Certes, Monsieur le Maire de Vernon bénéficie de circonstances atténuantes. Pour en prendre la mesure, il suffit de se reporter au blog (assez confidentiel), Vernon Réussite animé par l’ancien Maire de Vernon, Monsieur Jean-Luc Miraux, qui lui met en avant la dette abyssale que creuse son “jeune” successeur : “En un mot, le Maire dépense plus d’argent qu’il n’a de ressources. Connaissez-vous beaucoup de gens qui dépensent 100 Euros de plus, quand ils n’en gagnent que 30 ? !...”
Cette référence au bon sens populaire en matière financière est une figure imposée pour un homme de droite et cela explique la réaction de l’actuel Maire de Vernon qui voulant paraître sérieux et compétent, est contraint de proclamer qu’il réduira la dette de Vernon, quitte à accroître de ce fait les graves difficultés de cette ville.
Las, si nos deux édiles avaient été membres du jury présidé par le professeur Martinez, ils auraient appris :
que la gestion des finances publiques n’a rien à voir avec celle de finances privées et notamment (question piège dans une épreuve orale) que l’exécution forcée (”saisie par un huissier” pour un simple particulier) est une vue d’esprit sur une personne morale de droit public qu’en conséquence ce n’est pas le montant de la dette d’une collectivité publique qui importe (ses créanciers ne peuvent l’obliger à la rembourser ! ) mais le coût du service de la dette, c’est à dire des intérêts à régler... Et nous sommes en période de baisse des taux !
Une gestion attentive du coût de la dette d’une collectivité de droit public peut donc permettre d’en augmenter le montant sans en aggraver la charge !
Pour prendre un exemple simple, une dette de 100 dont le service est de 10% coûte 10 à la collectivité. Mais une dette de 1000 dont le service n’est que de 1% ne coûtera pas plus : toujours 10 !
Certes, m’objectera-t-on le Préfet peut “retoquer” un budget et même demander sur ce motif la dissolution du conseil municipal de cette commune pour mauvaise gestion. Il arrive aussi que le Président de la République prononce la dissolution de l’Assemblée Nationale (Article 12 de la Constitution). La dernière fois, c’était il y a douze ans ! Il neige parfois aussi en été !

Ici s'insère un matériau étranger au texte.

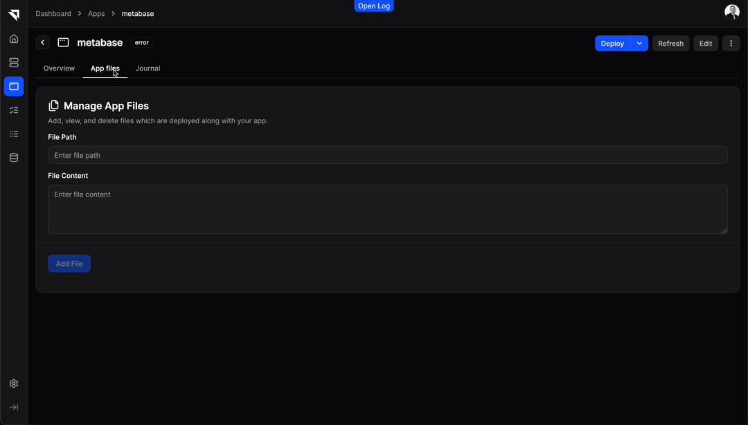 We have been working on improving your app management. We've simplified the app view by putting app files in a separate tab. You can also view app logs from your hosts by just switching to the Journal tab (requires DDAgent to be installed on the host).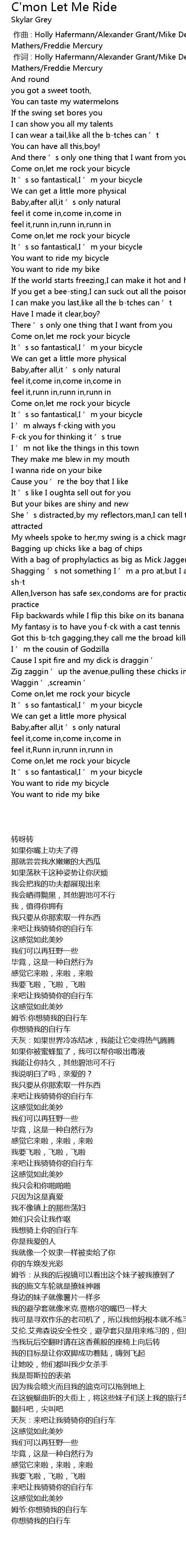 | [00:46.765] | 来吧让我骑骑你的自行车 |

Vernon perdant avec la fermeture du LRBA une masse salariale de trente millions d’euros, masse qui aidait grandement à la prospérité de la Ville, je doute fort que le Préfet de l’Eure ait en ce domaine la rigueur de la commission européenne, d’autant que la procédure de l’article L.2121-6 du CGCT exige un rapport détaillé justifiant une demande de dissolution du conseil municipal par décret pris en Conseil des Ministres.

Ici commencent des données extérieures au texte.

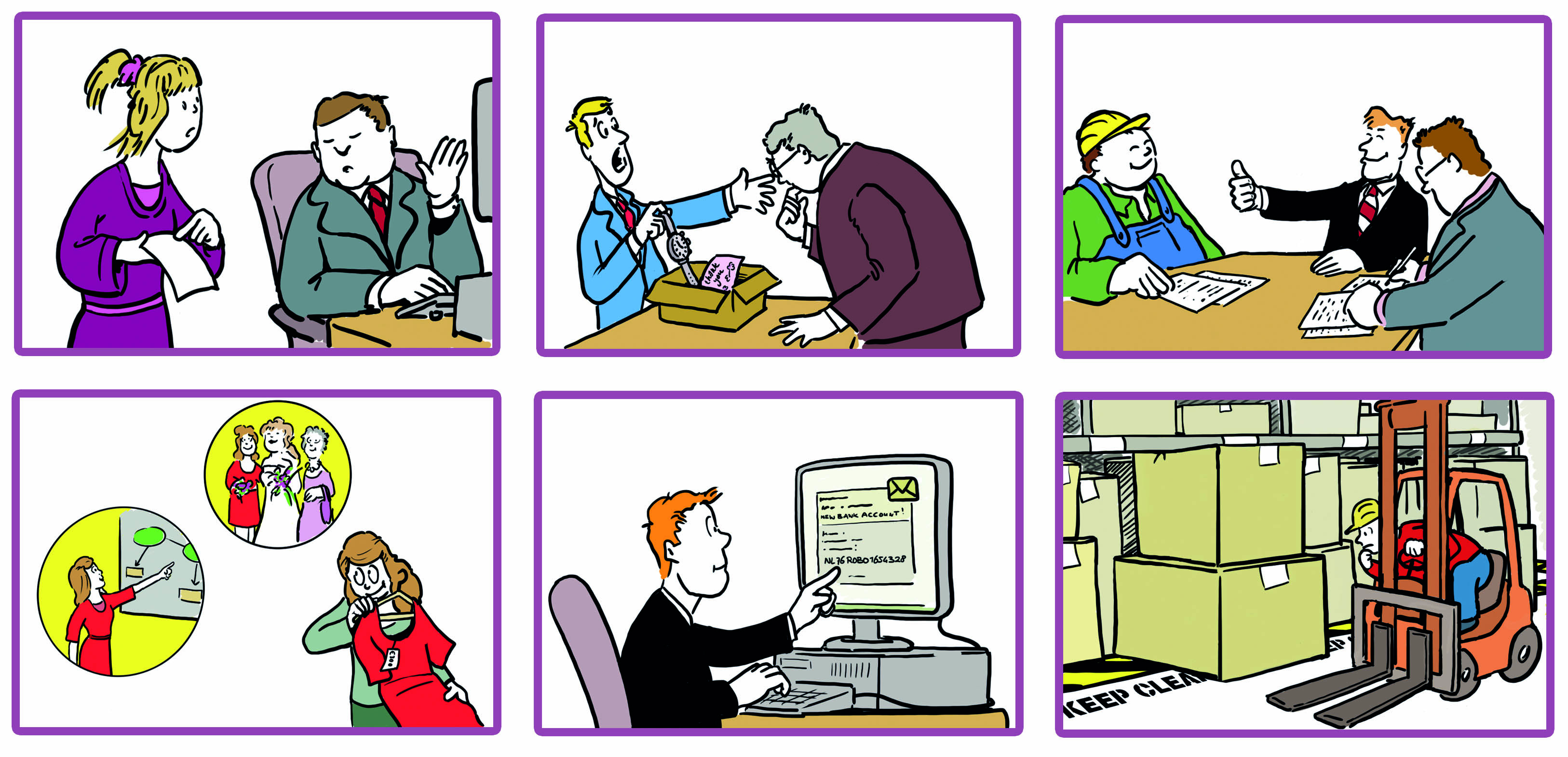 Illustraties voor e-learningmodule voor Aalbers Industries (selectie). Opdrachtgever: Tinqwise, 2017.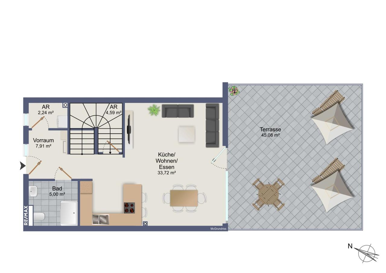 Das Untergeschoß überzeugt mit einem offenen Wohn-/Essbereich mit Küche, der direkt Zugang zu den großzügigen Freiflächen bietet. Hier erwartet Sie eine ca. 45,08 m² große Südterrasse, die Sonne von früh bis spät garantiert, sowie ein gepflegter Gartenanteil von ca. 32,50 m² – ideal zum Entspannen, Spielen oder gemütlichen Beisammensein im Grünen.

Rien n’interdit donc à la ville de Vernon d’augmenter son endettement (si elle le gère ! ) pour créer localement les conditions d’une forte reprise économique, d’autant que les équipements publics n’ont rien de pléthorique dans cette ville, encore gérée comme au XIXe siècle !
Je tape ces lignes sans états d’âme.
Car, à cette époque, la ville de Vernon a notamment été dirigée par l’un de mes lointains parents, Jules Soret, Maire de Vernon de 1898 à 1910.

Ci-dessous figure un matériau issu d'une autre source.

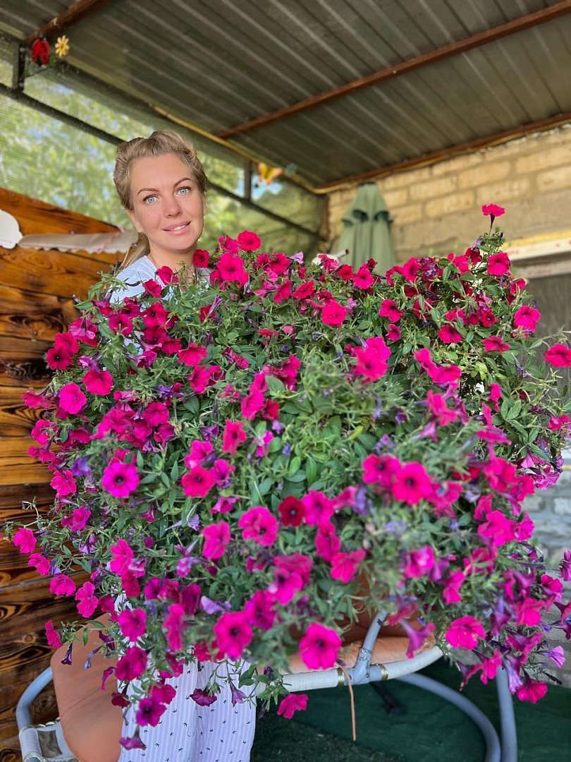 - Получилось вырастить столько цветов, потому что мне удалось «подружиться» с вегетативной петунией. Я купила несколько кустиков у Гули Тугушевой (известный в районе цветовод - авт.) и размножила их с помощью черенкования. Конечно, это трудоёмко, но практика показала, что намного продуктивнее. Вырастить, к примеру, Тайдал и Изи Вейв из семян не так уж и просто: сеянцы на этапе «семидольных листков» очень капризны. К слову сказать, практика показала: чем свежее семена, тем лучше всхожесть растения. Так что на посадку лучше брать семена этого года. Впрочем, эти цветы на протяжении всего сезона требуют ухода. Правильный полив, обрезка, постоянная подкормка, мне кажется, петуния - самый прожорливый цветок, солнечный свет - условия, при которых они будут радовать вас весь сезон, - делится секретами ухода за цветами наша участница конкурса.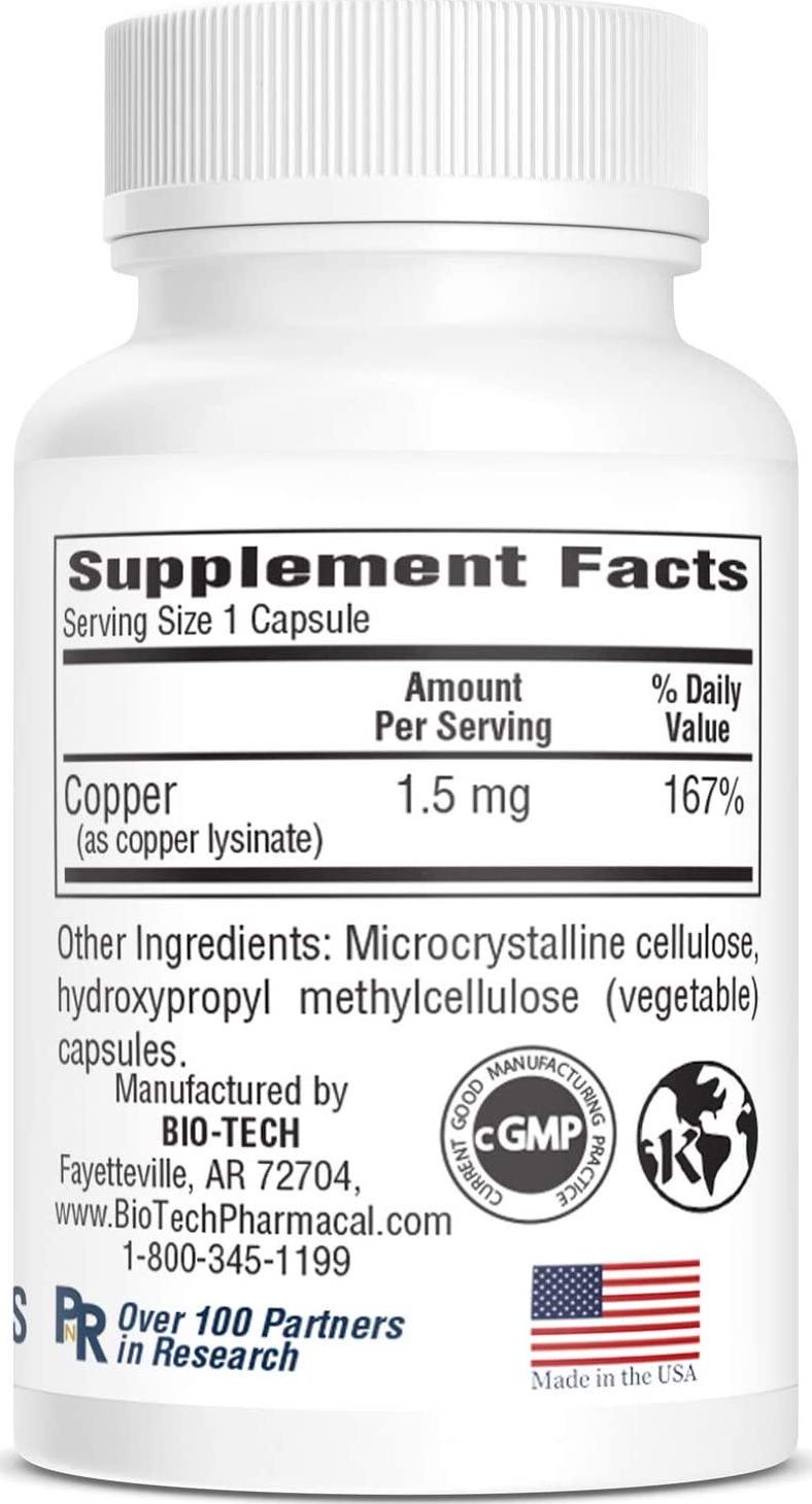 100 vegcaps, bio-tech cu 1.5, bioavailable copper, cardiovascular health, nervous system health, tissue maintenance

Pour terminer ce billet, j’aimerais insister sur le fait qu’en période de crise les hommes politiques en charge de collectivités publiques ont la grande chance d’être jugés sur leurs résultats pas sur ce que leurs oppositions peuvent dire de leurs gestions, uniquement sur ce qui résultera de leurs gestions, ce qui leur laisse une grande liberté d’action.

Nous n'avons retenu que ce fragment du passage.